- [ASSIGNED TASK]:
Give back, unaltered, the lines from the one with "Opciones de montaje: el" to the end of the material, omitting pictures.

- [DATA SUPPLIED]:

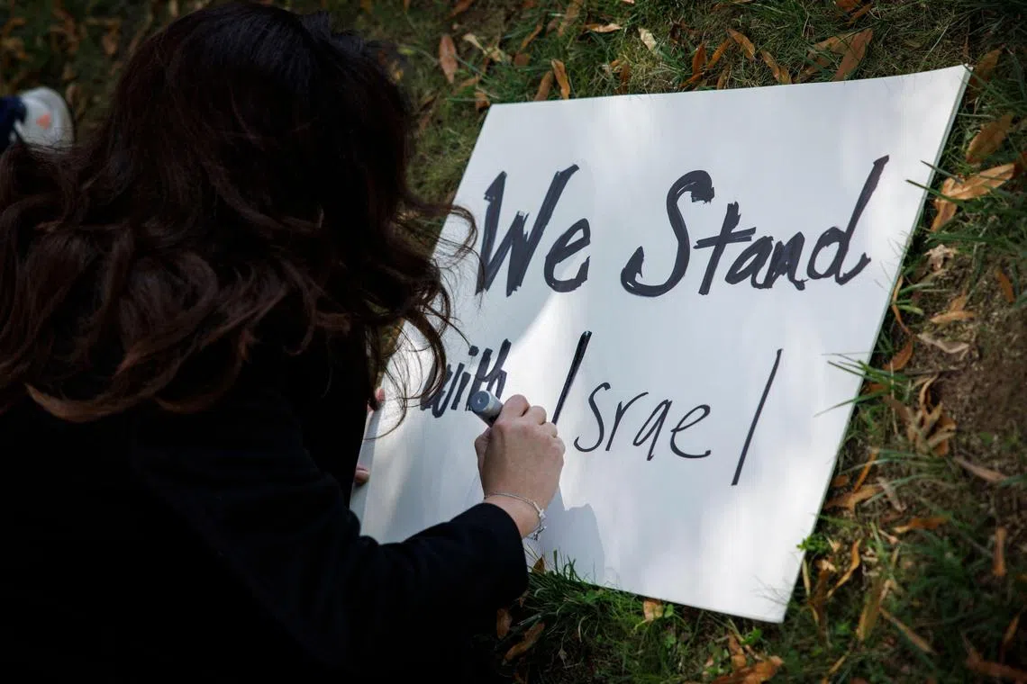 A pro-Israel rally outside the Israeli embassy in Washington, DC on Oct 8.
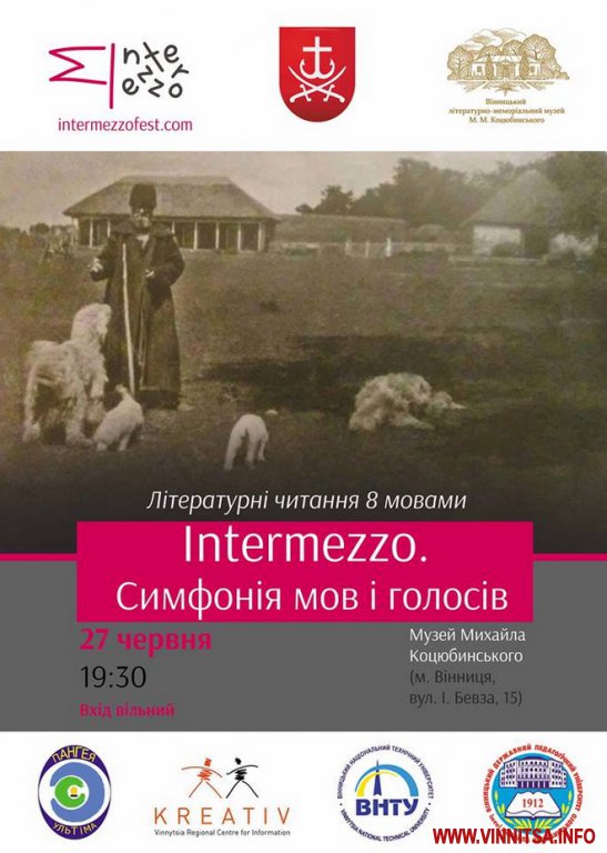 27 червня о 19:30 у Вінницькому літературно-меморіальному музеї Михайла Коцюбинського під 300-літньою липою відбудуться літературні читання «Intermezzo. Симфонія мов і голосів», організовані Департаментом культури Вінницької міської ради та ГО «Інститут культурного менеджменту» в рамках проектів Міжнародного фестивалю оповідання «Intermezzo».
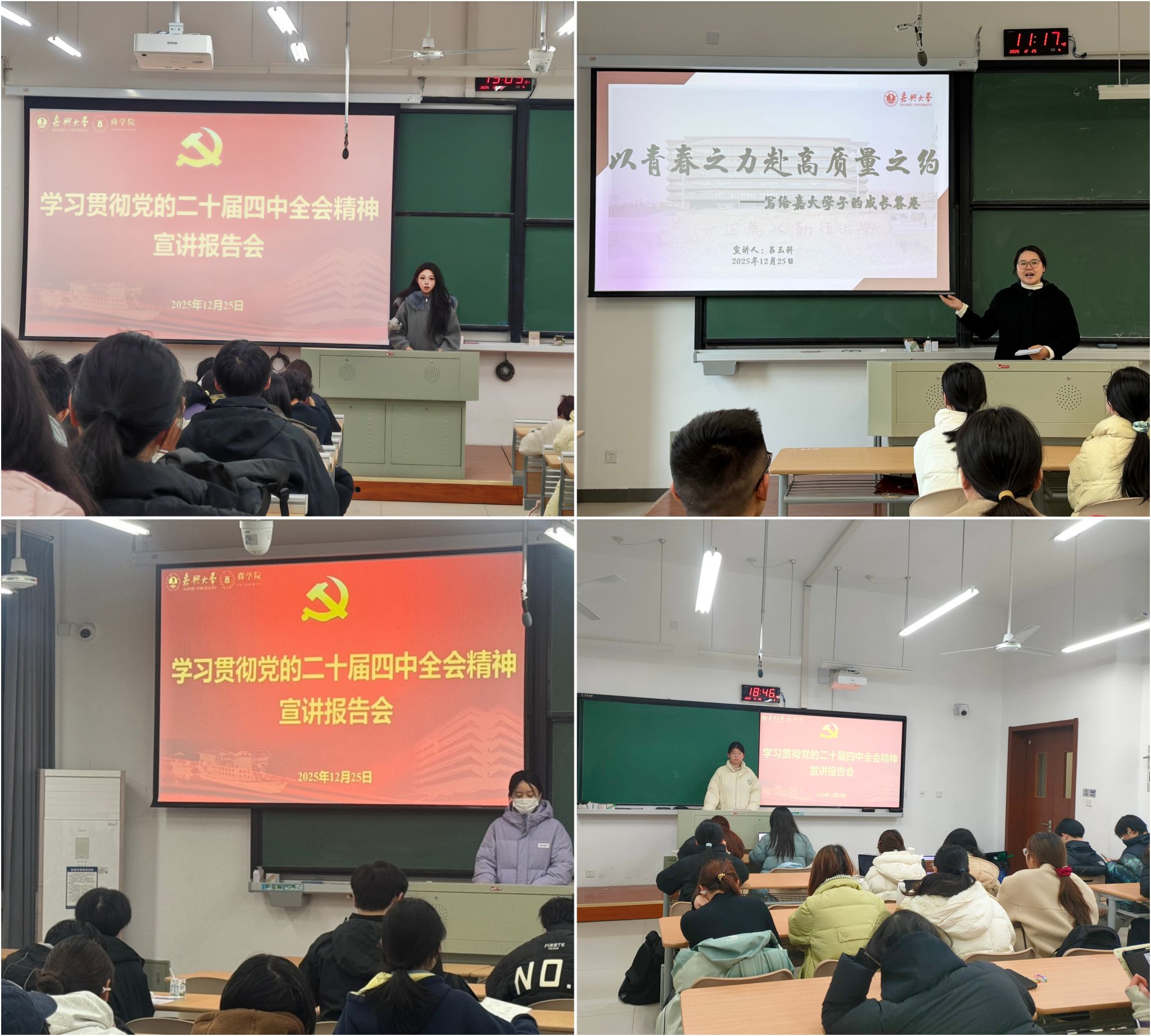 此外,学校青年宣讲团成员也面向学院学生进行了宣讲。吕玉科老师以《以青春之力,赴高质量之约》为题,结合袋鼠影视 实践,讲述学子应在学科建设、科研创新和精神传承中贡献青春力量;鲍箫仪同学以《新时代新青年的“十五五”已然扬帆起航》为题,将青年“小目标”融入国家“十五五”蓝图,描绘经济、交通、科技等美好愿景,强调青年是国家的建设者和接班人;陈怡菲同学以《让“高质量发展”在账本里落地生根》为题,从专业角度阐释如何通过精准数字和专业能力践行高质量发展理念;童瑶同学以《拾级而上,以“人民至上”绘就青春繁花》为题,借90后胡雷事迹和自身志愿服务经历,展现青年对“人民至上”理念的践行与担当。
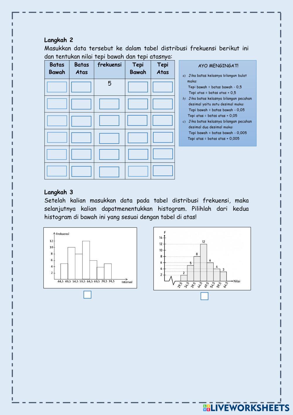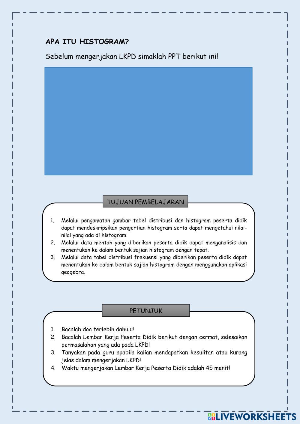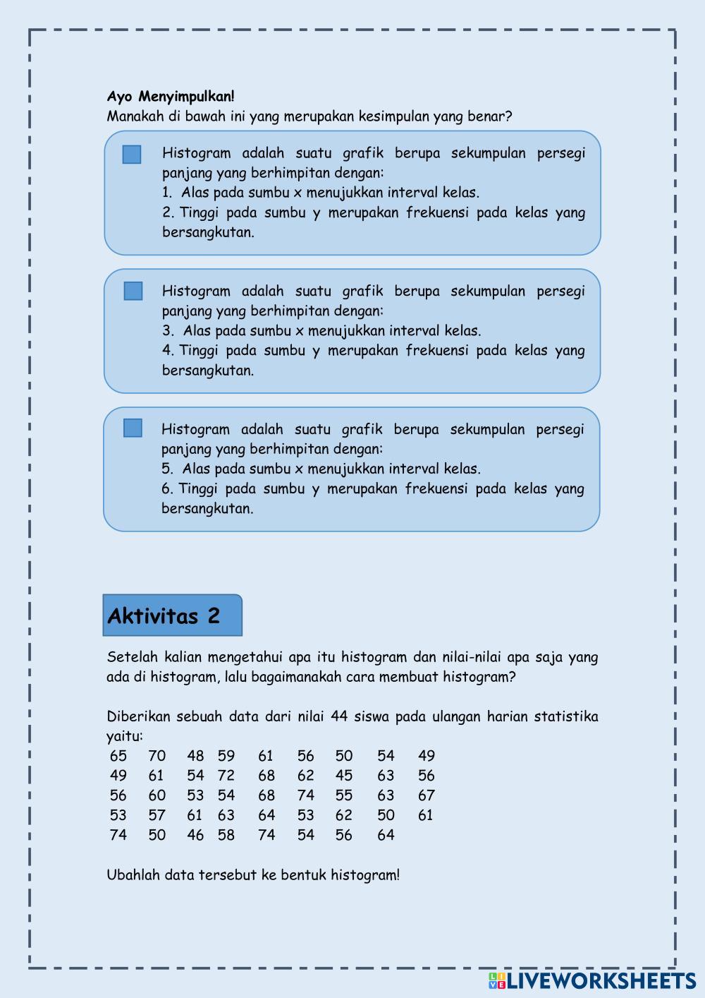 Created byErnia Tyas Inggriastri MATEMATIKA WAJIB Statistika Edad 17+ level: 12 Indonesian Instrucciones del autor Statistika My Google Classroom Courses × 0 classes selected (0 students total) Quick Access Select all classes (0 classes) All Classes Loading courses... Cancelar Share Share to selected Course __COURSE_NAME__ __STUDENT_NAME__ (__STUDENT_EMAIL__) Statistika Sajian Data Histogram Descargar Worksheet Validation Comprobar mis respuestas Emails my answers to my teacher Nombre completo Group/level Asignatura Teacher's email or key code Close Submit Validating worksheet... (12) Your answers have been sent to your teacher. Good luck! OK We encountered an error submitting your answers. Please try again. OK Anuncio | Ir sin anuncios Created byErnia Tyas Inggriastri MATEMATIKA WAJIB Statistika Edad 17+ level: 12 Indonesian Instrucciones del autor Statistika
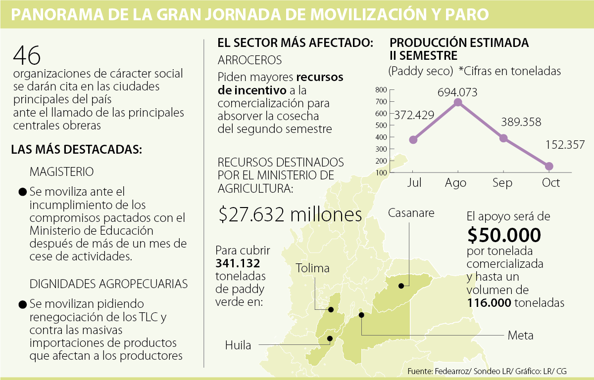 Además, agregó que se protestará en Casanare, Meta, Tolima, Huila, Norte de Santander y el Magdalena Medio, casi 90% de la población arrocera, buscando primero, aumentar los recursos a la comercialización; segundo, revisar los precios remunerativos; tercero, replantear el sistema de control de costos de producción; y rechazar el ingreso de contingentes de arroz ecuatoriano.
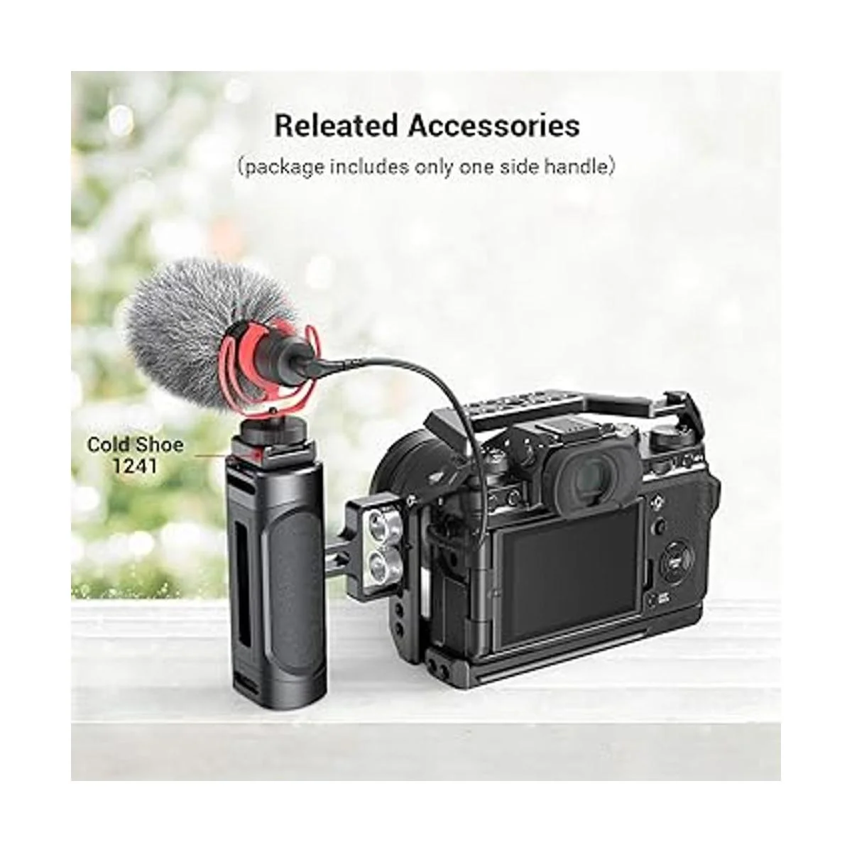 Opciones de montaje: el mango SmallRig 2916 soporta opciones de montaje adicionales: el flash y el micrófono se pueden montar a través de la zapata fría 1241, y la correa de muñeca, como 2456, se pueden montar a través del ojal para evitar que la cámara se caiga accidentalmente.
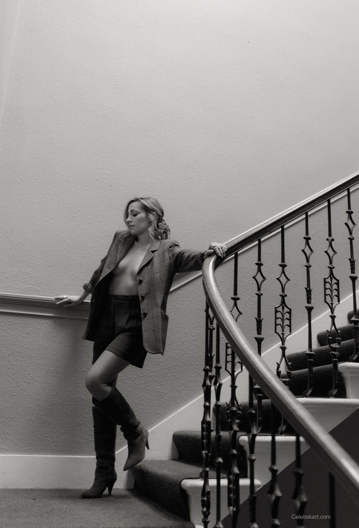 Throughout the photoshoot, Zibby’s poses were both confident and relatable. One moment had her sitting gracefully on a bed adorned with white linens, her expression soft yet alluring. In another stunning scene, she struck a powerful pose against a staircase, with her hand lightly resting on the railing. This juxtaposition of settings highlighted her versatility as a model and her ability to embody different moods effortlessly.
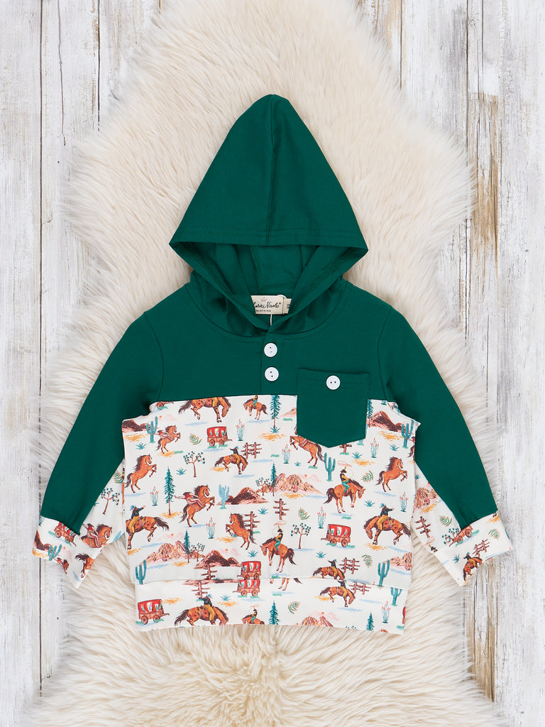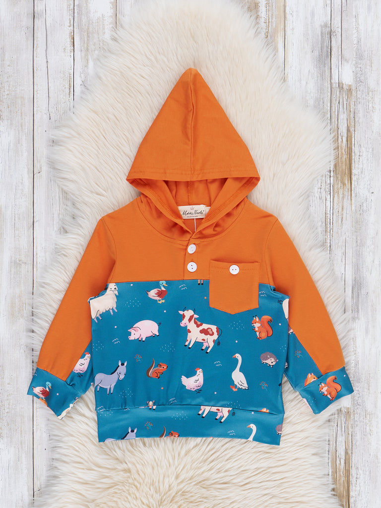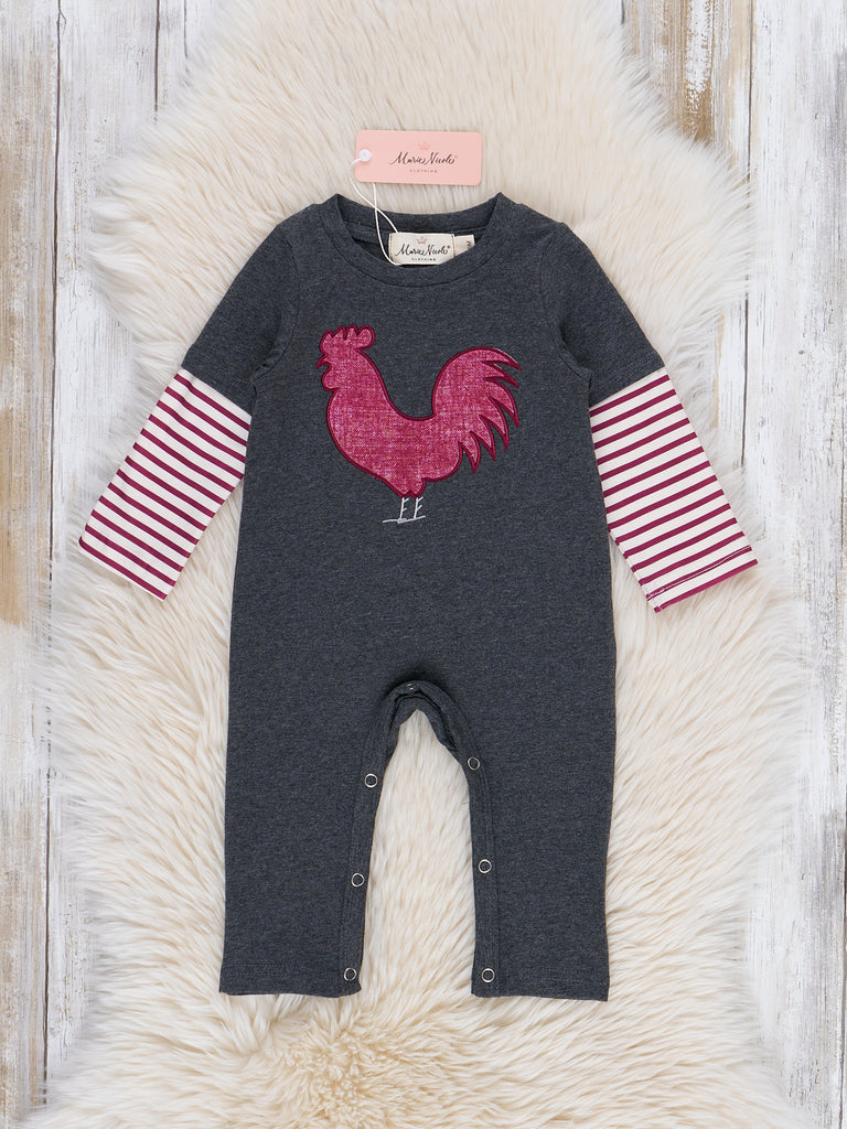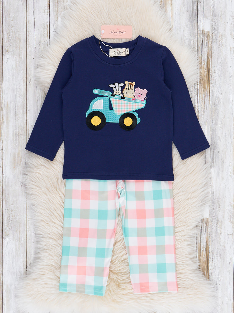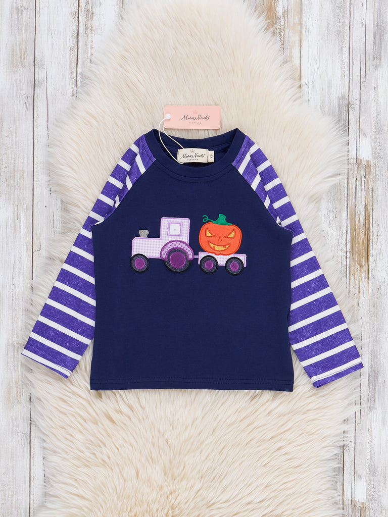 Coral & Teal Embroidered Triceratops Raglan Shirt
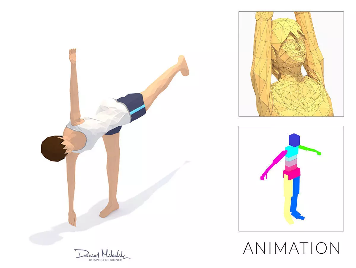 Pyramid 2 Yoga Exercise Woman Animation Low-poly 3D model

- [WORKED SOLUTION]:
 Opciones de montaje: el mango SmallRig 2916 soporta opciones de montaje adicionales: el flash y el micrófono se pueden montar a través de la zapata fría 1241, y la correa de muñeca, como 2456, se pueden montar a través del ojal para evitar que la cámara se caiga accidentalmente.
 Throughout the photoshoot, Zibby’s poses were both confident and relatable. One moment had her sitting gracefully on a bed adorned with white linens, her expression soft yet alluring. In another stunning scene, she struck a powerful pose against a staircase, with her hand lightly resting on the railing. This juxtaposition of settings highlighted her versatility as a model and her ability to embody different moods effortlessly.
 Coral & Teal Embroidered Triceratops Raglan Shirt
 Pyramid 2 Yoga Exercise Woman Animation Low-poly 3D model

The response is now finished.